He’s silent, though the spin of his spear as it warps back into empty space betrays the cogs whirring as he mulls the question over. 
Behind her is a train, rather than a conventional starship. It’s a hulk made from gleaming metal; though that isn’t what captures his attention. There is no carefully-calibrated frequency that melds seamlessly with the stars—but a beating, mechanical heart that whirs with a quality of life he’s never quite heard before. It’s rough, unpolished—a far cry from the almost soundless starskiffs he watched back on the Luofu—but it’s precisely that which captivates him. Later, he thinks the concept of trailblaze rather suits the distinct form of this metal beast. Though he’s been deemed unapproachable by the masses, something tells him that this is an opportunity to lessen the distance he surrounds himself with, through sheer willpower rather than cautious responses. 

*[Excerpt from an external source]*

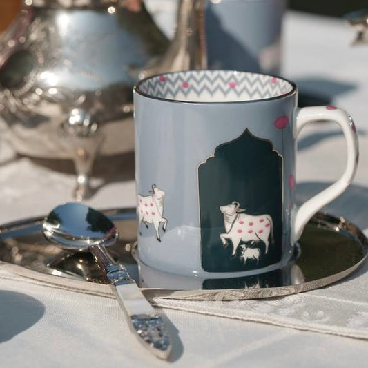 Pichwai - Set of 2 Fine Porcelain Tea Cups with Pure Platinum

Dan Heng ultimately ends up going with the woman named Himeko and the gentleman introduced as Welt Yang. 
An archivist and a guard. He forms the words in his mouth. Guard tastes familiar, yet archivist is something he’s not quite come across. Regardless of the unpleasant connotation with the former, both represent a change in being a ‘fugitive’ to being somebody with a ‘role’ in this endless universe.
He boards the train, and though both conductor and the floors seep carmine, they too don’t dredge up the haunting echo of his living nightmares. Pom-Pom isn’t particularly surprised by his sudden appearance—it makes him wonder just how frequently the Express picks up stray dogs like himself. 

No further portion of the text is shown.